The Sunday for dinner when we were announced all the married children and as many of the Jost family as could came over for a family visit. Some also stayed for supper.
We might have had ham to eat. Grandpa (this must be her dad Jacob Loewen) made our hams and smoked them in a smoke house. We butchered quite a lot of hogs and had hams almost all the time.
Dad (Frank R Jost) came to get me with the horse and buggy for the announcement Sunday and also for the wedding. After the wedding we went back to my parents and I helped clean the house, upstairs and the porches from all the company. My mother was not too well so I did this for her and then we moved close to Goessel on a farm for one year. --Dictated to Marlys Penner
Our First Home
This was the farm near Goessel which Dad (Frank Jost) had rented and sewed the wheat there. My parents gave us a lounge with a lean on it and a chair for the parlor. The Jost parents gave us two dining room chairs.
My most Embarrassing Moment
My most embarrassing moment occurred one time when we went shopping in Newton; I cannot say just which year it was.

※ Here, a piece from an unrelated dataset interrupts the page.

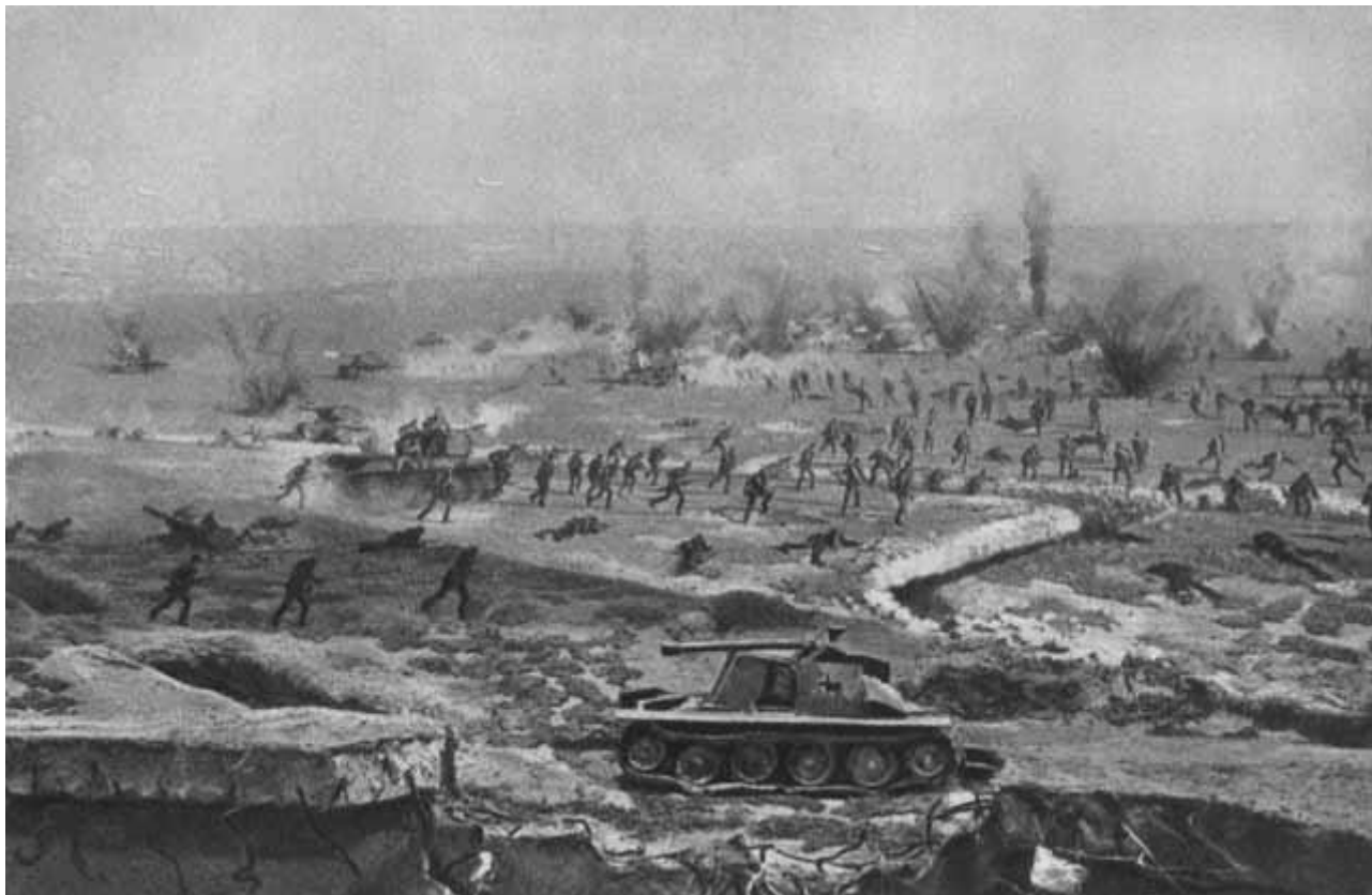
Штурм Мамаева кургана

Шесть суток без сна и отдыха, практически без еды сражались бойцы, не пропуская вражескую армию. Хутор Верхне-Кумский несколько раз переходил из рук в руки. За хутором в амбаре был развернут полевой медсанбат корпуса, туда направляли раненых, но раненые не уходили с огневых позиций, продолжали сражаться, поле боя покидали только мертвые.

Dad and I first went together to a place or two, then I remember saying, I wanted to go to Montgomery store and buy a pair of shoes and I would wait for him there to come and pick me up, as he wanted to go to a different place yet It was a very hot day. When I had purchased the shoes I just stayed sitting on the chair and relaxed since it was nice and cool in the store, and dad was supposed to pick me up there.
The next time I remember, I opened my eyes and the store was empty except for one male clerk who stood where I could see him first thing and right away I realized it was past closing time, and dad had not yet come to get me. So I apologized and walked out the fast way. And I can never forget that day.
2nd page on Hobbies and Interests--added by Marlys Penner
Now as Mom and Dad retired Mom continued her creative hobby of sewing and embroidering.
First she did textile painting on tea towels and pillowcases. Next cam patchwork pillow tops with crazy quilt design and featherstitching. She made one for herself and for each of her children, then each of the grandchildren, and after that some for friends and the Et Cetra Shop or Mission sales.
Mother loved to make children's clothes for relief. She had basic patterns for boys and girls garments. Church ladies brought her left over pieces from their sewing and we girls did some, she used this, sometimes coordinating pieces to make boxes and boxes full for relief through the church and MCC.
Mother also pieced quilts for relief. Then she also began making lap robes, first for each of the family members and then for Parkside Homes and the Hospital. I believe she made well over 100 lap robes to be used for the elderly or sick.
Mother enjoyed crocheting and made things for everyone for Christmas. One year it was crocheted coat hanger, another time three or four snowflakes, each for the Christmas tree.
The last time she made crocheted doilies for each of the children and grandchildren whom she all loved dearly. "Doing' for others was a great joy for her. Flowers were also a great hobby for her.
Reading was another life long hobby. I guess you might say she was a self-educated person from all the reading she did. The church library, the city library and books from the children's and grand children's homes were a great source of interest as well as reading her Bible. Books or passages about the second coming of Christ were of special interest to her.
Mother taught her ladies Sunday School class for many years at Ebenfeld. She participated in Sewing Circle and held offices of chairman and the work committee.